Speaking of crazy, I did finally get to finish a book after last semestral break's The Joy Luck Club. Behold!


I am now officially a devotee. Sorry if it took me like a million years to get hold of this... this majestic, classic piece of art. If there is a more compelling, straightforward, soulful, and honest memoir, then hand it over because I don't know if there exists such a thing. Patti, you're my woman now. Case in point: I downloaded a couple of months ago the newest Anything Goes cast recording with Sutton Foster. Last Saturday, I ended up downloading Patti's 1987 cast recording and now it's this one that's in the pod. 

In this book, you see how Topol is such a disgusting man; how The Baker's Wife is a mess and Meadowlark, a gold bar in the wrong mine; how destructive to the being Evita is in its original form performed eight times a week; how Andrew Lloyd Webber has a twisted darker side to his genius; how Glenn Close is a vocally so-so Norma Desmond, etc. More than anything, the book is juicy, but I suspect it's just the icing on top of a very delicious cake. Another book, Patti!

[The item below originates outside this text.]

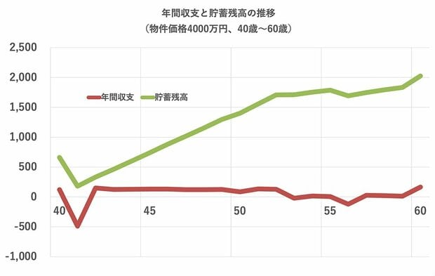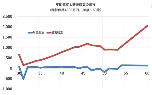 下記に、4000万円の物件を購入した場合の、年間収支と貯蓄残高をグラフにした。
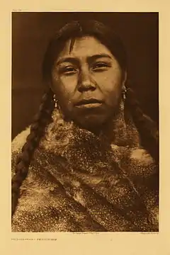 The name "Skokomish" comes from the Twana sqʷuqʷóbəš, also spelled sqWuqWu'b3sH, and meaning "river people" or "people of the river".[1][2][3] The Skokomish were one of the largest of the nine different Twana village communities that existed before about 1860. By their locations, the nine groups were the Dabop, Quilcene ("salt-water people"), Dosewallips, Duckabush, Hoodsport, Skokomish (Skoko'bsh), Ctqwəlqweli ("Vance Creek"), Tahuya, and Duhlelap (Tule'lalap) communities.[4] Within these nine communities there were at least 33 settlements.[5]

And as for my favorite hobby, Oscars movie-viewing, I've so far seen twenty-four. That includes Brad Pitt's sensational turn in Moneyball, the ingenious and utterly romantic Midnight in Paris (one of the best so far), Viola Davis's and Octavia Spencer's SAG-winning performances in The Help, that WEIRD hodgepodge of artsy shots called The Tree of Life (with otherwise fine acting), actress of the year Jessica Chastain times three (The Tree of Life, The Help, and the thrilling but overly under-appreciated The Debt), Bridesmaids (the best comedy film of the season, certainly one of the decade's finest), Horrible Bosses (the second funniest comedy of the season), two masterful foreigners (A Separation - "Liar, liar, pants on fire" - and Certified Copy), John C. Reilly times two (this year's Precious - Terri - and the unexpectedly brilliant Cedar Rapids), and the alien film of the season: Attack the Block.